Linda Korstad’s “Wishing and Hoping” is selected as the featured piece for the artist directory cover
CAVE CREEK – Arizona’s largest and longest-running artist studio tour and sale, Hidden in the Hills (HITH), celebrates its 20th year during the last two weekends of November, Friday, Saturday and Sunday, November 18,19, 20 and November 25, 26, and 27, 2016. A signature event of the non-profit Sonoran Arts League, Hidden in the Hills features more than 180 artists in 47 studio locations throughout the scenic Desert Foothills communities of Cave Creek, Carefree and North Scottsdale.
The free, self-guided studio tour offers seasoned collectors and art enthusiasts a rare chance to observe artists at work in their private studios, which are open to the public from 10 a.m. to 5 p.m. during the six-day tour. Each studio has one or more guest artists who also display and sell their work. All HITH artists are Sonoran Arts League members, and several will be coming from different parts of the state to participate in the annual event. Many guest artists also set up to demonstrate.
“This year’s Hidden in the Hills promises to be one of the best yet, with a wide variety of styles, mediums and price ranges,” Pat Bell-Demers, Sonoran Arts League executive director and HITH event co-chair, said. “With our studio tour taking place the weekends before and after Thanksgiving, it’s also perfect for holiday shoppers who want to find an original, unique gift.”
Known for including both nationally-recognized and emerging artists, Hidden in the Hills has attracted thousands of patrons over the past two decades.
“Many of our returning patrons have become clients and friends,” said HITH event co-chair and gourd artist Jane Boggs, who has been a studio host for 18 years. “And, it’s fun to see new patrons, who are first discovering how many talented artists there are in our event.”
Artist Directory is a collectible.
A staple of the Hidden in the Hills event has been the four-color, glossy artist directory, which includes a comprehensive listing of participating artists with an image of their art, a large, easy-to-read map of the studios, and advertisements from participating artists.
“Back in 1996, our budget for the entire tour was $250, so we didn’t start printing the artist directory until 1999. Our first cover featured a brilliant piece by Claudia Hartley,” said HITH marketing chair Carole Perry, a glass artist who has opened her studio to patrons for all 20 years of the tour. “As Hidden in the Hills grew, we found that people not only collected the directories, they looked forward to learning who the featured cover artist was.”
Perry explained that HITH participating artists are invited to submit original pieces for consideration of the artist directory cover during a selection process, which took place on Saturday, May 14. More than 100 pieces of art were submitted and the committee chose “Wishing and Hoping” by Scottsdale artist Linda Korstad.
Korstad, who describes herself as a mixed media sculptor, said she loves working with clay and found objects.
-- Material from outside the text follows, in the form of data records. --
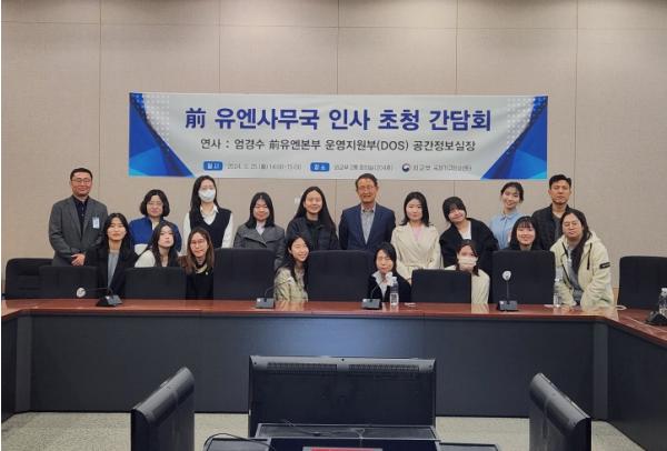이번 간담회에 참석한 엄경수 前 유엔사무국 운영지원부(DOS) 공간정보실장(Chief, UN Geospatial Information Section)은 유엔의 주요 업무, 직원 현황, 채용 방법 등을 소개하고, 국제기구 근무 경험담과 진출 노하우를 공유했다. 참석자들은 간담회에서 얻은 실질적인 정보와 생생한 경험담이 국제기구 진출 계획을 세우는데 많은 도움이 됐다고 평가했다.
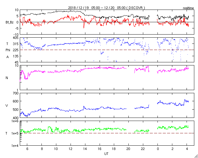 2018/12/19 12:52 太陽風はやや高速になっています。
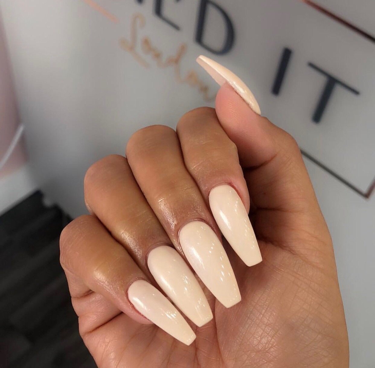 Бежевый маникюр на длинные ногти
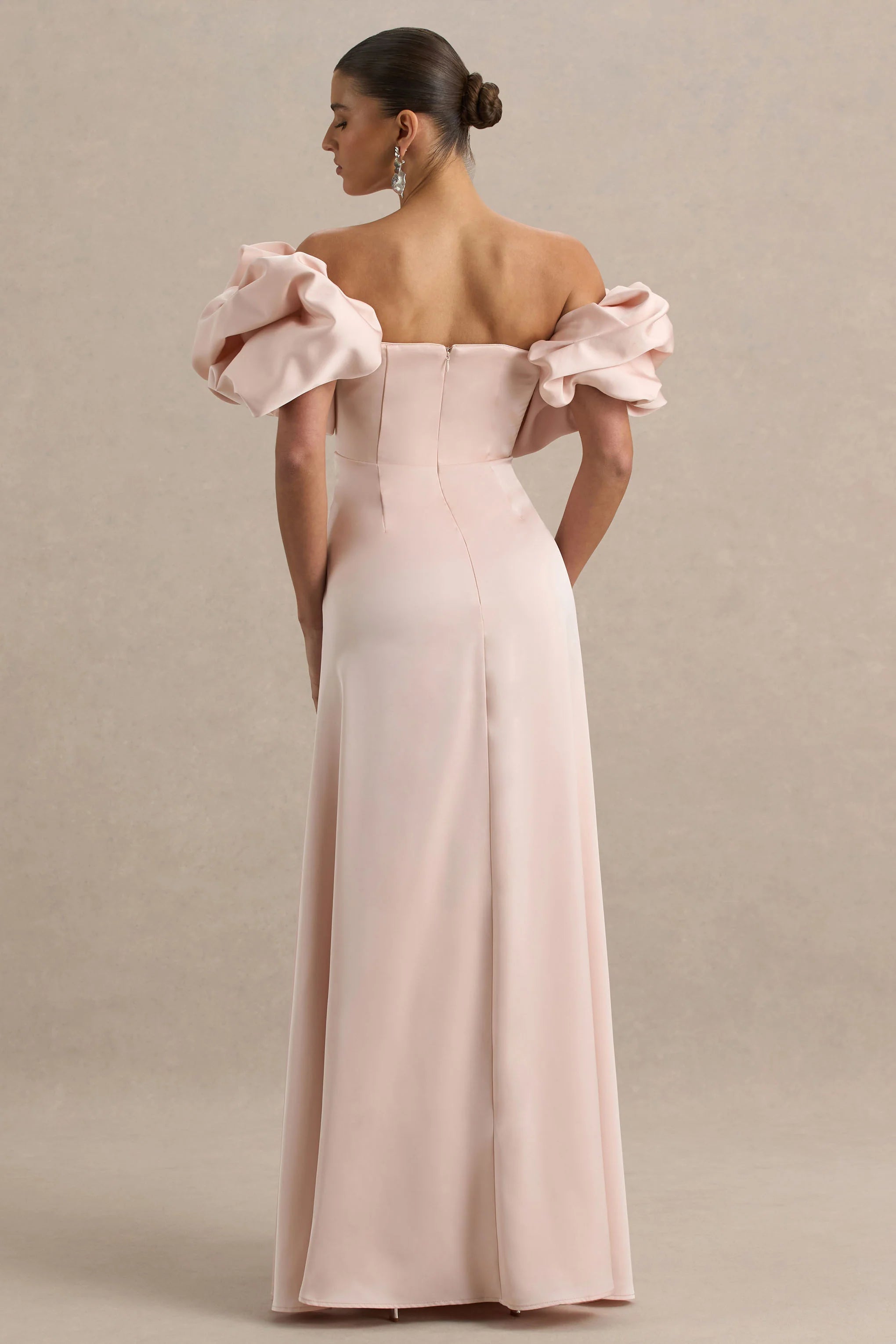 Exude romantic elegance in our latest gown, Allie. Cut in a soft pale pink shade of our premium stretch satin, this detailed maxi is one you won't be forgotten in. The ruffled bardot neckline, that seamlessly blends into statement puff sleeves, gives this piece a sultry edge that gracefully highlights your decolletage. In Allie you will make an entrance at any special occasion. Style this show-stopper with sparkling earrings and be ready to have all eyes on you.

Her creations are often thought of as whimsical in nature and quirky.
“Becoming a full-time artist has been quite a journey,” Korstad said, “My current work is the result of working with a talented team of mentors and my intense drive for pushing the materials to a high level of finish. Although the prospect of getting the work to a higher level can be daunting, I have learned to surrender and just let things happen.”
The Sonoran Arts League will begin selling the 20th Anniversary Hidden in the Hills artist directories for $5 in October. An interactive website, www.HiddenInTheHills.org, offers more details about each participating artist and a user-friendly map-building program to help visitors plan their free, self-guided tours. The event also helps to raise funds for the League’s youth scholarships through a portion of sales from the event’s Youth Art exhibit at Studio 1 and artist fees to participate in the event.